** Opening Supplied material block **
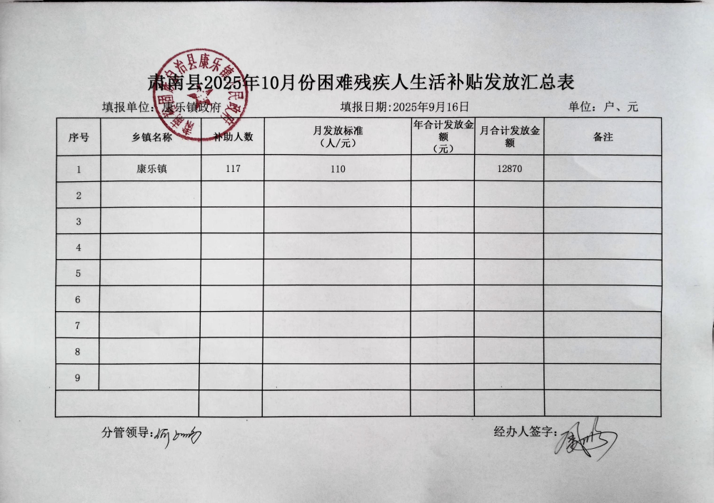 肃南县康乐镇2025年10月份困难残疾人生活补贴发放汇总表
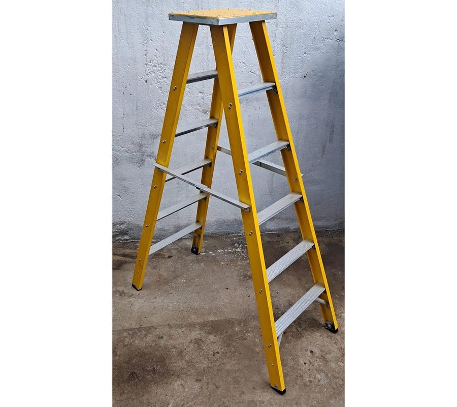The FRP A-type ladder or self-supporting FRP ladder stands firmly without wall assistance, making it a reliable industrial FRP ladder for indoor electrical maintenance and inspections factories and substations. Built as a non-conductive ladder, it serves as a dependable electrical safety ladder for hazardous environments. Its self-supporting structure allows quick setup in tight areas, while the fiberglass composition prevents conductivity risks during wiring tasks. Professionals prefer this heavy duty FRP ladder for its balanced design that supports safe, independent access in demanding conditions.
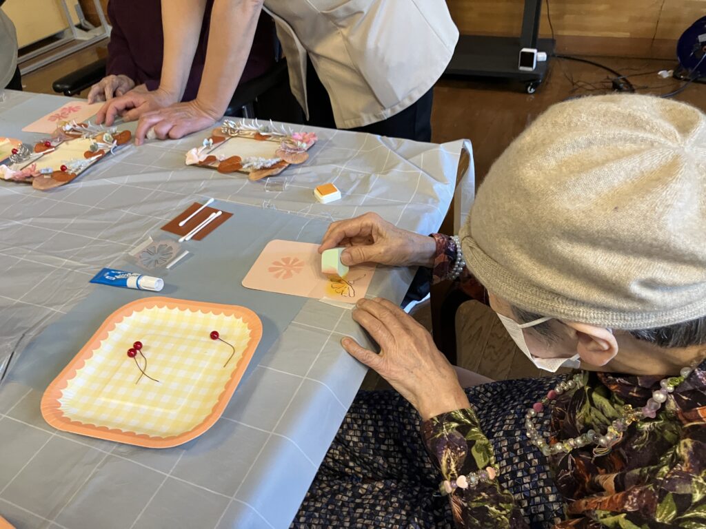 スポンジでお花の型にポンポンと色を移していきます。「きれいな色がいいわ」とピンクと黄色を選ばれたご入居者です。
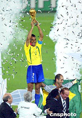 組圖:德國(guó)0:2巴西 卡福高舉大力神金杯 2002年06月30日 21:41 ![]() ![]() 6月30日晚,2002韓日世界杯決賽巴西隊(duì)VS德國(guó)隊(duì)的比賽已經(jīng)結(jié)束,最終巴西隊(duì)以2比0戰(zhàn)勝德國(guó)隊(duì),羅納爾多表現(xiàn)出色獨(dú)進(jìn)兩球。圖為巴西隊(duì)隊(duì)長(zhǎng)卡福高舉大力神金杯。
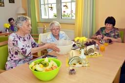 In der Tagespflege können 15 Gäste Ihren Lebensabend sinnvoll und in Gemeinschaft verbringen. Lesezirkel, Spaziergänge, Gymnastik, organisierte Ausflüge, Teilnahme an kulturellen Veranstaltungen und gemeinsame hauswirtschaftliche Tätigkeiten sind im Angebot. Durch die belebende Gemeinschaft und individuelle Betreuung in unserer Tagespflege werden Fähigkeiten länger erhalten oder verloren gegangene Fähigkeiten sogar zurück gewonnen. Pflegerische Besonderheiten werden professionell beachtet.
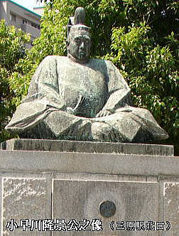 ■三原城は、瀬戸内海の水軍を掌握していた小早川隆景が、永禄10年(1567)沼田川河口の三原湾に浮かぶ大島、小島をつないで築いた城で、天正10年(1582)前後と、慶長元年(1596)のころ偉容を整えたといわれる。■城は、海に向かって船入りを開き、城郭兼軍港としての機能をそなえた名城で、満潮時にはあたかも海に浮かんだように見えるところから浮城とも呼ばれた。 ■小早川氏のあと福島氏、浅野氏の支城となり、明治維新後、一時海軍鎮守府用地となったが、沼田川の堆積作用などを理由に変更され、建物、樹木などが競売に付された。その後、鉄道(現在のJR)が本丸を貫き、明治27年(1894)6月には三原駅が開業した。 ■今では、市街化がすすみ天守台とそれをめぐる濠、船入櫓跡、船入り跡及び本丸中門跡を残すのみである (現地説明板より) ※小早川隆景(こばやかわたかかげ) 戦国の武将・毛利元就の三男で、12歳で小早川家の養子になり沼田(ぬた)小早川家を継いだ。兄の吉川元春とともに、おいの毛利輝元を助けて中国統一を完成させた。吉川とともに「毛利両川(りょうせん)」を形成して宗家を支えた。 |
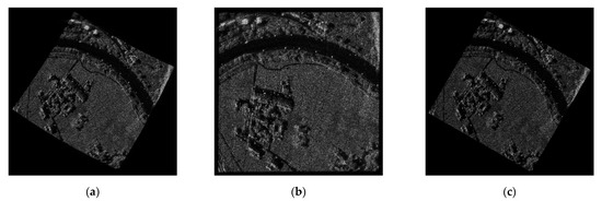 In addition, this section considers the angle between the flight trajectories of different frames, and the imaging results are shown in Figure 18. It is not difficult to see from Figure 18a that geometric distortion and corresponding rotation occur in the full-resolution image. After correction, as shown in Figure 18b, the image is established in the ground coordinate system with the scene’s center as the origin. Both the geometric distortion and the rotation are corrected effectively. However, FFBP does not consider the correction of image rotation (see Figure 18c). This further confirms that the proposed algorithm still applies to the non-ideal linear trajectory.
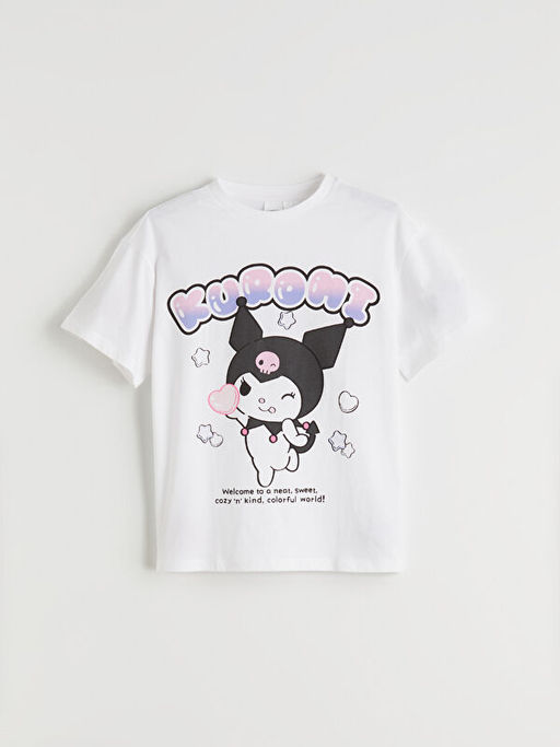 Bisiklet Yaka Kuromi Bask?l? K?z ?ocuk Ti??rt
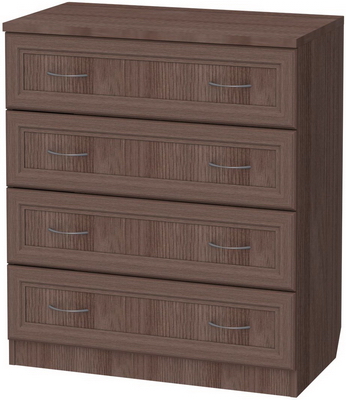 Комод оборудован четырьмя ящичками, дополненными выдвижным механизмом, в которых можно хранить различные вещи. Механизм движения состоит из прочных металлических и пластмассовых элементов, которые способны выдержать не одну сотню закрываний и открываний. Довольно часто такие комоды устанавливают в детских комнатах, поскольку в них очень удобно хранить одежду для детей. Ящички оснащены металлическими ручками удобной формы и дополнительным декоративным украшением в форме правильного четырехугольника, которое подчеркивает строгую красоту и изысканность этого предмета мебели. Внутреннее пространство выдвижных ящичков довольно большое, что позволяет хранить даже постельные принадлежности, благодаря чему комоды нередко располагают в спальных комнатах.
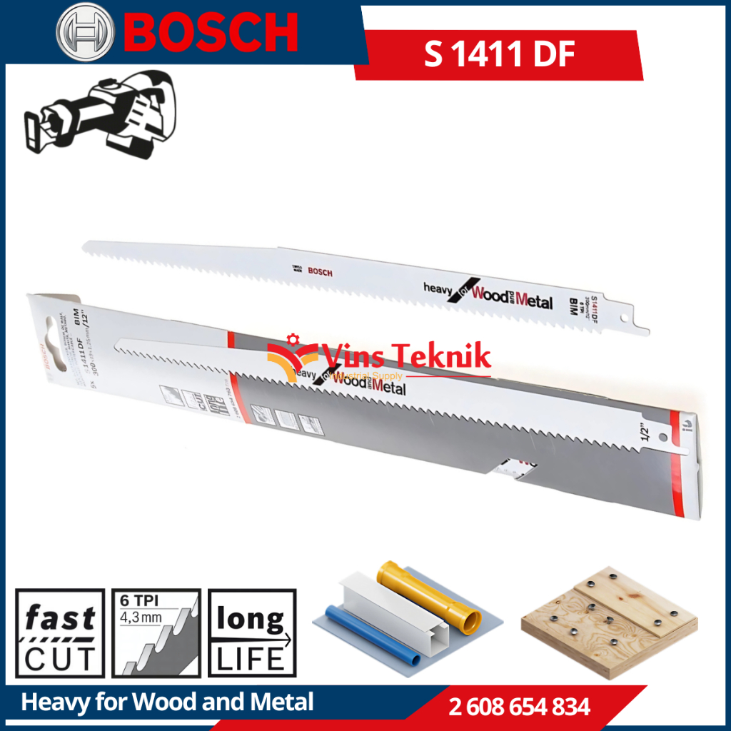 Reciprocating saw blade S1411DF Mata Gergaji Sabresaw Reciprocuting Saw Kayu Besi Heavy Duty BOSCH S 1411 DF
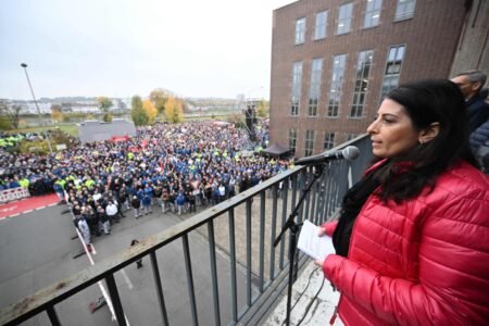 La présidente du comité d’entreprise de Volkswagen, Daniela Cavallo, s’adresse aux employés du constructeur automobile, au siège de l’entreprise, à…
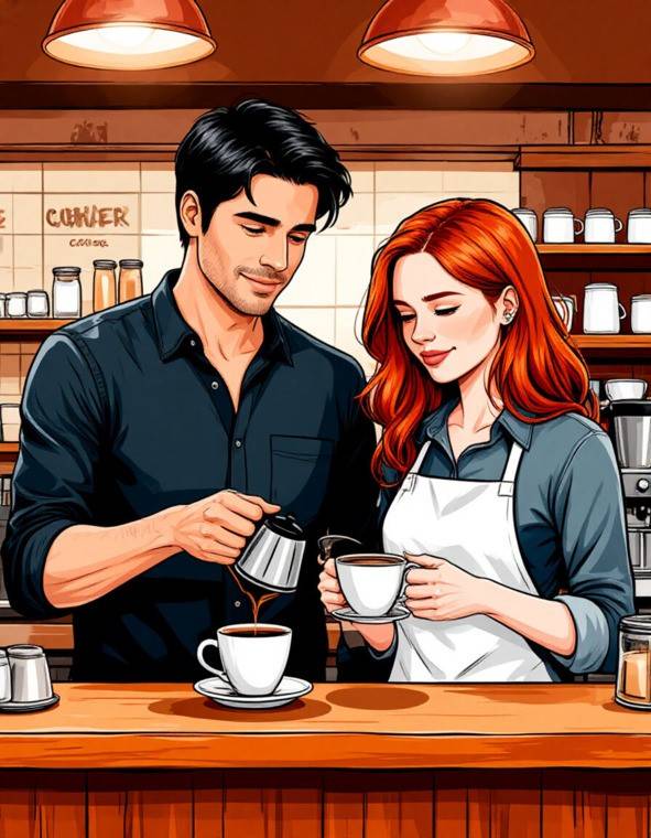 День начался с доставки свежей выпечки, наполнившей кафе восхитительным ароматом ванили и корицы. Пока мы с Хлоей готовили кофе, я заметила, как он внимательно следит за мной, его взгляд то и дело задерживался на моих руках, когда я взбивала молоко для латте.
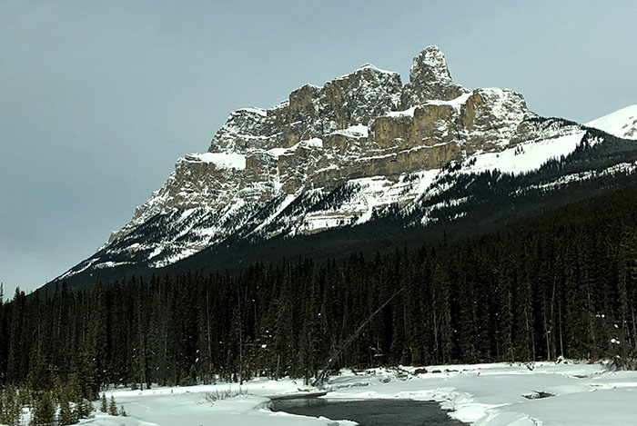Driving into the mountains felt like entering a totally different world. Those breathtaking snow and ice covered craggy heights rise out of a wilderness of conifers inhabited by many creatures, including bears and cougars... Individual mountains have their own names and character, like Cascade, Castle and Rundle that looks like a massive tilted blade. Andrew, who had climbed several of these peaks (as well as many others, including Everest), pointed them all out to us.
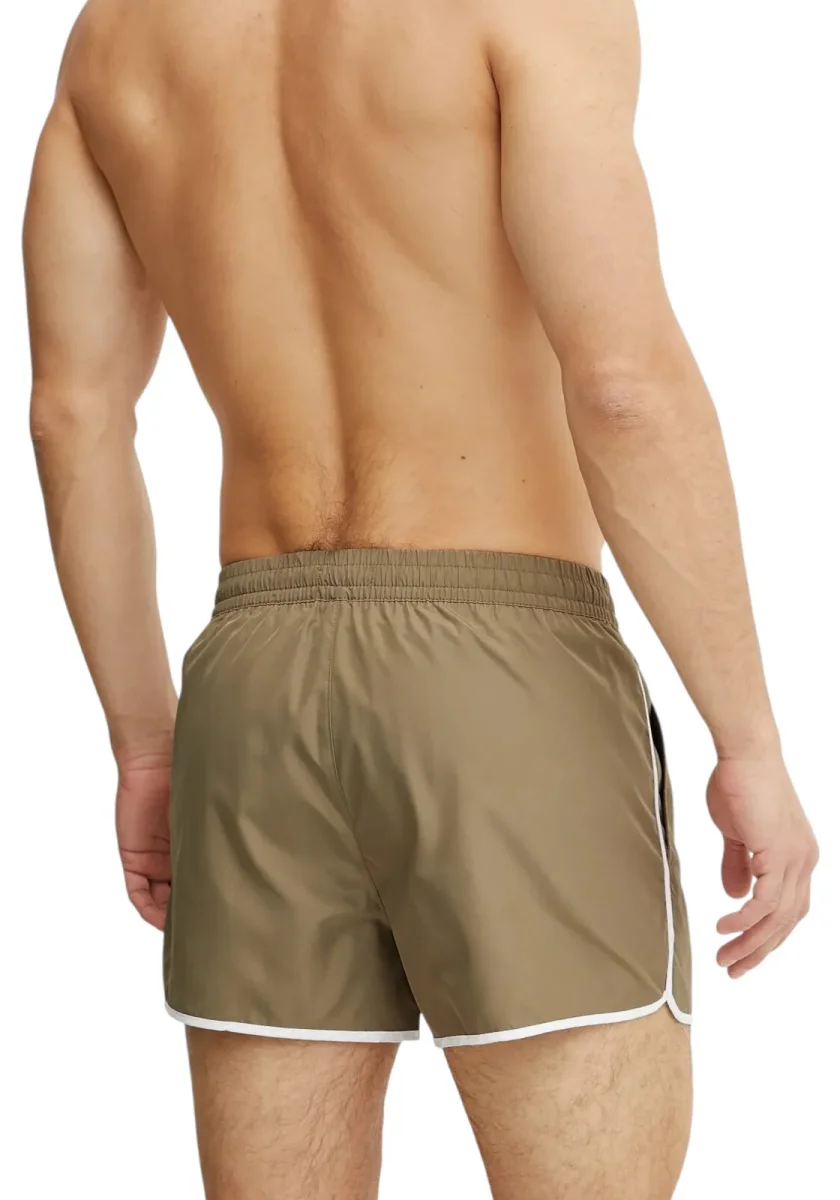 Questi pantaloncini da bagno sono realizzati al 100% in tessuto di poliestere biologico, escluse le finiture. Il poliestere riciclato è stato ottenuto dalla rielaborazione di materiali esistenti.
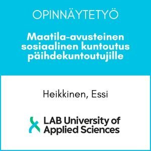 Opinnäytetyössä selvitettiin maatila-avusteisuuden sopivuutta sosiaalisen kuntoutuksen toteuttamismenetelmäksi päihdekuntoutujille. Maatila-avusteisen menetelmän tarjoama tuki on yhtäläistä sosiaalisen kuntoutuksen tavoitteiden kanssa. Tällaisella toiminnalla voidaan vaikuttaa esimerkiksi osallisuuden tunteen lisääntymiseen, syrjäytymisen ehkäisyyn ja työvalmiuksien paranemiseen. Lue lisää
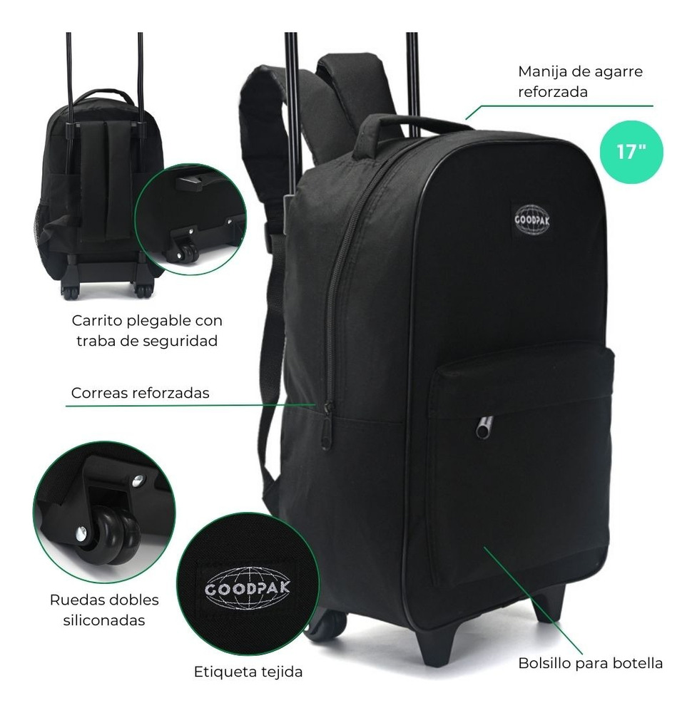 Mochila Escolar Goodpak Con Carro Rueda Doble Negra 43x30x17 cm 17 » Pulgadas
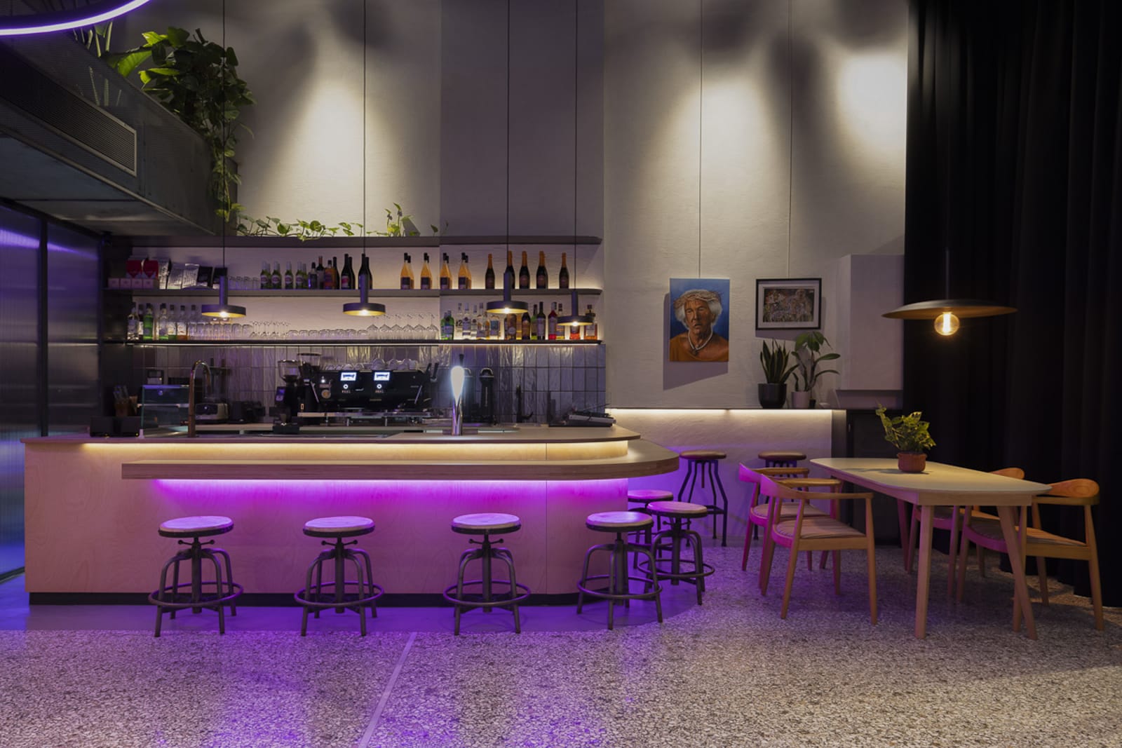 Calibra, a new Urban hub in Votanikos, was conceived to operate on two levels: as an autonomous hub and bar, and simultaneously as an extension of the ISON Theatre, Athens’ first space dedicated to inclusive education and artistic practice for both disabled and non-disabled artists.
** Closing Supplied material block **
Problem details
Above are records; repeat only the lines from the line with "Комод оборудован четырьмя" through the line with "Reciprocating saw blade", and leave pictures out.

Output of the task
 Комод оборудован четырьмя ящичками, дополненными выдвижным механизмом, в которых можно хранить различные вещи. Механизм движения состоит из прочных металлических и пластмассовых элементов, которые способны выдержать не одну сотню закрываний и открываний. Довольно часто такие комоды устанавливают в детских комнатах, поскольку в них очень удобно хранить одежду для детей. Ящички оснащены металлическими ручками удобной формы и дополнительным декоративным украшением в форме правильного четырехугольника, которое подчеркивает строгую красоту и изысканность этого предмета мебели. Внутреннее пространство выдвижных ящичков довольно большое, что позволяет хранить даже постельные принадлежности, благодаря чему комоды нередко располагают в спальных комнатах.
 Reciprocating saw blade S1411DF Mata Gergaji Sabresaw Reciprocuting Saw Kayu Besi Heavy Duty BOSCH S 1411 DF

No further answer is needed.